Rachel Reeves shouldn’t U-turn on winter fuel cuts

It would be a dangerous risk for a high-borrowing government to bow to political pressure.

By David Gauke

It has been a few years since I spent a local election campaign “on the doorstep”, but the message currently to be found there appears to be clear. Voters “on the doorstep” hate the cuts in winter fuel payments. The government, it is therefore argued, needs to address the issue if it wants to restore its flagging popularity. Unfortunately, it is not as simple as that.

This is not to doubt the doorstep reports. Taking £200-300 away from the majority of pensioner households was never likely to be popular. People appreciate being given stuff and what begins as a privilege soon becomes an entitlement. Pensioners have a higher propensity to vote, and to be at home when canvassers call. These attributes have served them well – they have been largely shielded from tough decisions on public spending in recent decades.

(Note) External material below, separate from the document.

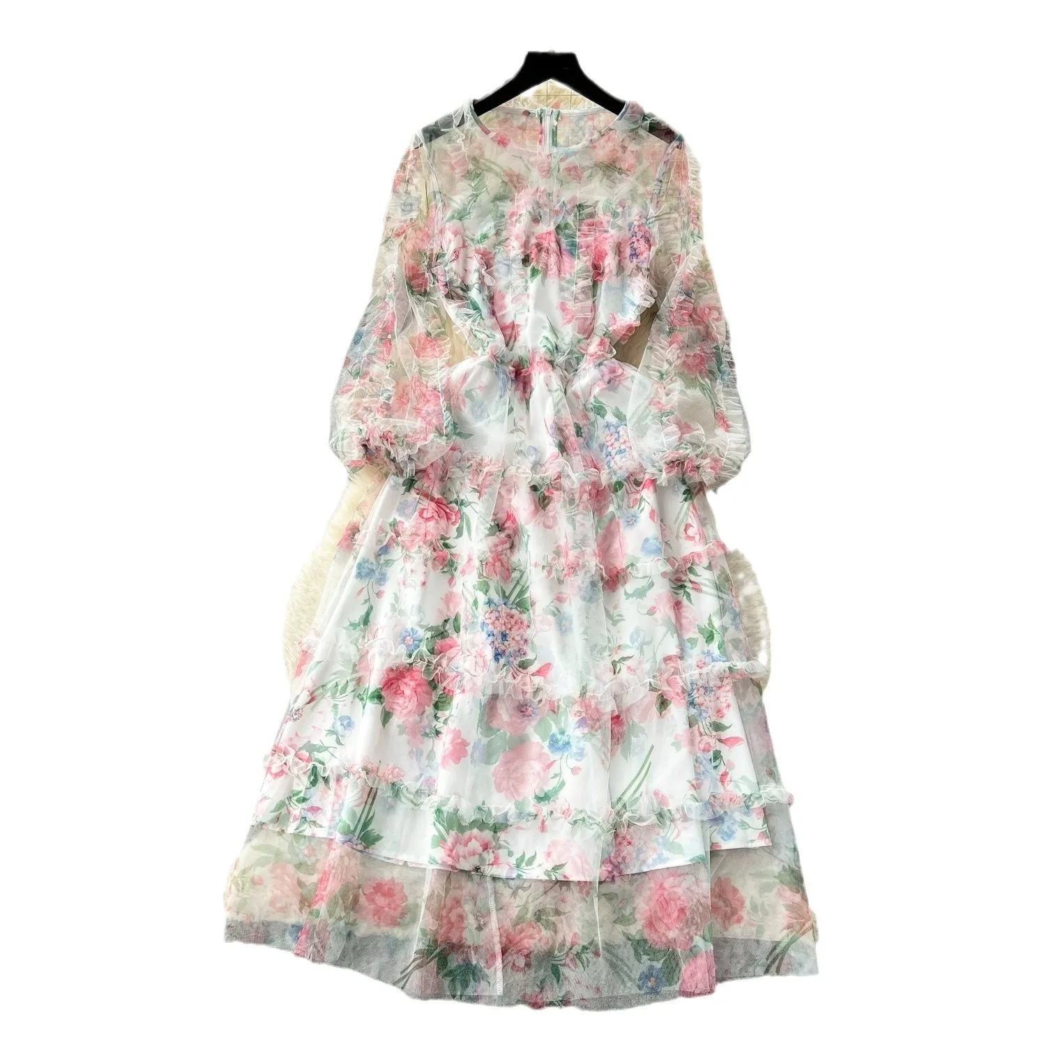 Casual Women's Tulle Splice Chest Wrap Open Back Hollow Out High Waist Party Elegant Sexy Dress

Last July’s announcement on means-testing winter fuel payments, therefore, came as a shock. The fact it was the only major announcement in Rachel Reeves’ statement of 29 July gave the impression that pensioners were being picked upon. At one level, there was good reason to announce the change in policy early in that stopping the December 2024 payments required action before the October Budget but that is a hard point to convey.  

The real problem, however, can be traced to before the election.  In opposition, Reeves was cautious about making additional spending commitments but her priority was to reassure the electorate that taxes would not go up.  In trying to square the circle of avoiding spelling out the realities when in opposition and facing up to them in government, Reeves focused on short-term pressures in 2024/25 (which she could just about claim came as a surprise), rather than the longer-term situation (where any claims of this being a surprise would have been obviously implausible). This meant that there was a desire for in-year cuts and, therefore, a quick, unexpected and isolated announcement on winter fuel payments.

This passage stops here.